L’Allemagne, allié du Canada, réévalue les envois d’armes à l’Arabie saoudite

OTTAWA – L’Allemagne examine avec soin toutes les exportations anticipées d’armes en Arabie saoudite en raison des inquiétudes sur les droits de la personne, mais elle n’annulera pas des ententes déjà négociées.

Des responsables allemands ont expliqué à La Presse Canadienne pourquoi le pays avait cessé d’autoriser l’exportation de certains matériels militaires à l’Arabie saoudite.

La position de l’Allemagne jette une nouvelle lumière sur celle du Canada, un allié au sein de l’Organisation du traité de l’Atlantique Nord (OTAN), et sur les récentes critiques concernant l’entente d’une entreprise ontarienne pour exporter l’équivalent de 15 milliards $ en véhicules blindés légers à l’Arabie saoudite.

L’exécution par l’Arabie saoudite de 47 personnes plus tôt ce mois-ci, dont le dignitaire chiite Nimr al-Nimr, a fait ressurgir les appels à une suspension par le gouvernement libéral fédéral de l’entente lucrative entre le royaume et General Dynamics Land Systems.

Les libéraux, tout comme leurs prédécesseurs conservateurs, ont dit ne pas avoir l’intention d’annuler l’entente.
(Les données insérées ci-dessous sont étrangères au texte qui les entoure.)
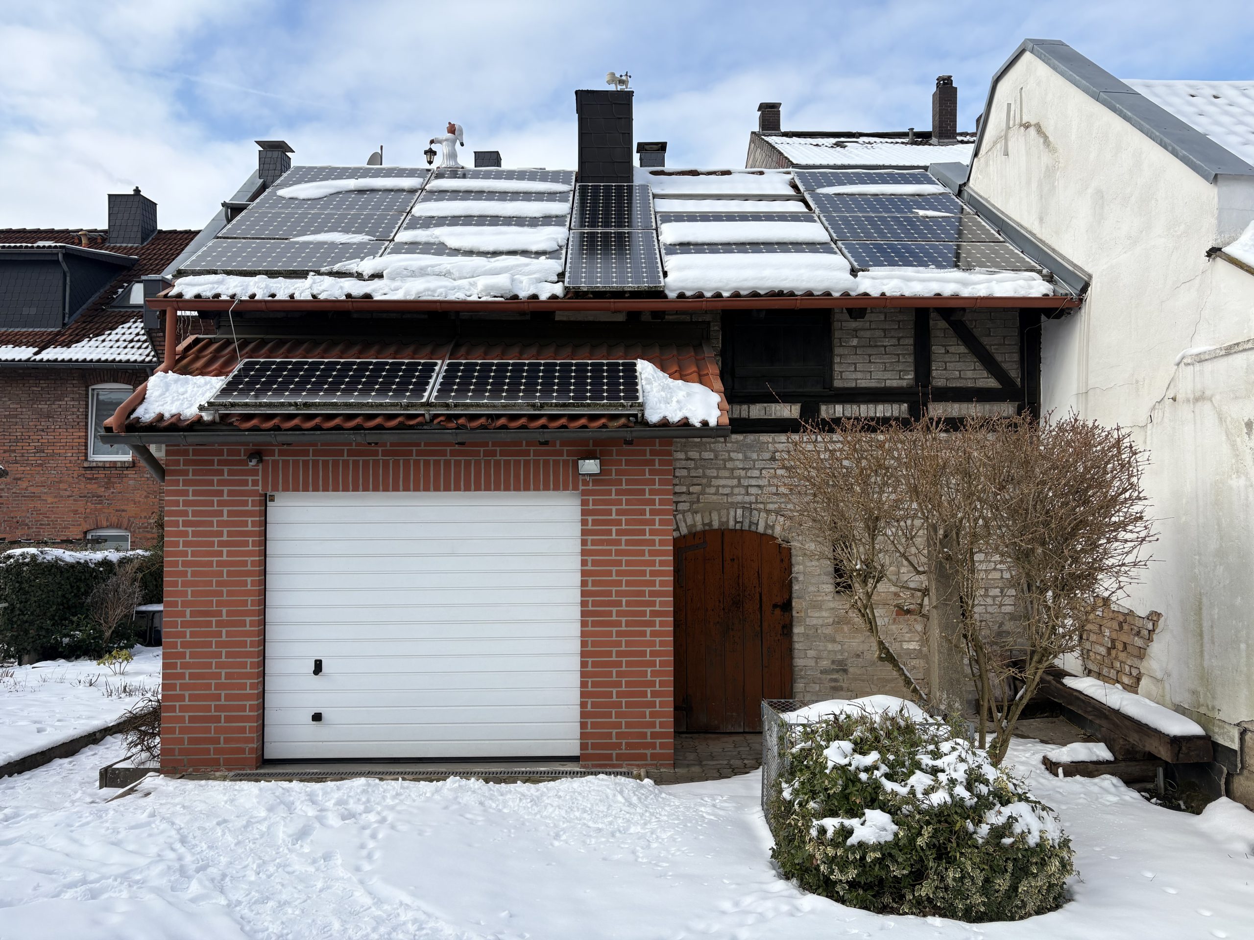 Das Gebäude ist unterkellert und verfügt über ein Satteldach mit Tonziegeln und Gaube. Außenflächen mit gepflegtem Pflaster, eine Garage und ein Schuppen mit PV-Anlage sowie ein Gartenbereich erweitern das Nutzungsspektrum.
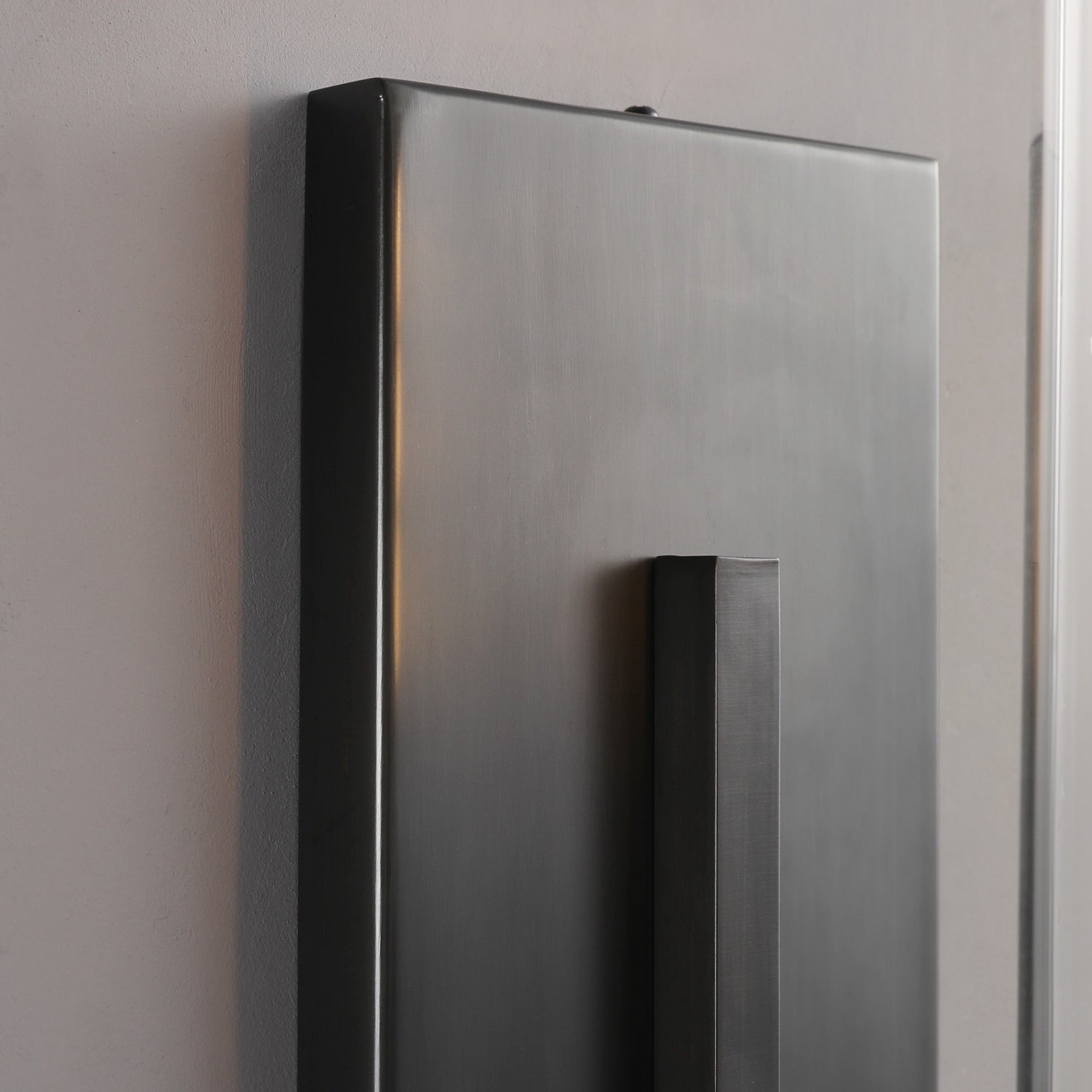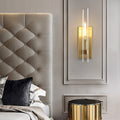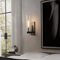 Ravelle Glass Grand Wall Sconce Crafted from solid steel, the unadorned metal band holds the slender glass columns in place for a perfectly balanced look. The Edison bulb in each cylinder emits a warm candlelight.

Mais le ministre des Affaires étrangères, Stéphane Dion, a critiqué l’Arabie saoudite pour ces exécutions massives. Il envisage même de dévoiler une version partiellement caviardée du plus récent examen de la situation des droits de la personne dans ce pays.

Le vice-chancelier allemand, Sigmar Gabriel, qui est aussi ministre des Affaires économiques, a affirmé que toutes les ententes sur les armes en cours de procédures entre des firmes allemandes et l’Arabie saoudite seraient examinées de près.

«Nous devons désormais réévaluer la pertinence d’adopter dans l’avenir une position plus ferme envers les armements défensifs, que nous avons vendus jusqu’à ce jour à l’Arabie saoudite pour sa défense nationale», a dit M. Gabriel par communiqué après les récentes exécutions.

Un porte-parole du bureau de M. Gabriel a indiqué que le ministère avait récemment bloqué l’approbation d’exportations à l’Arabie saoudite d’«armes offensives», telles que des chars de combat et des fusils d’assaut G36.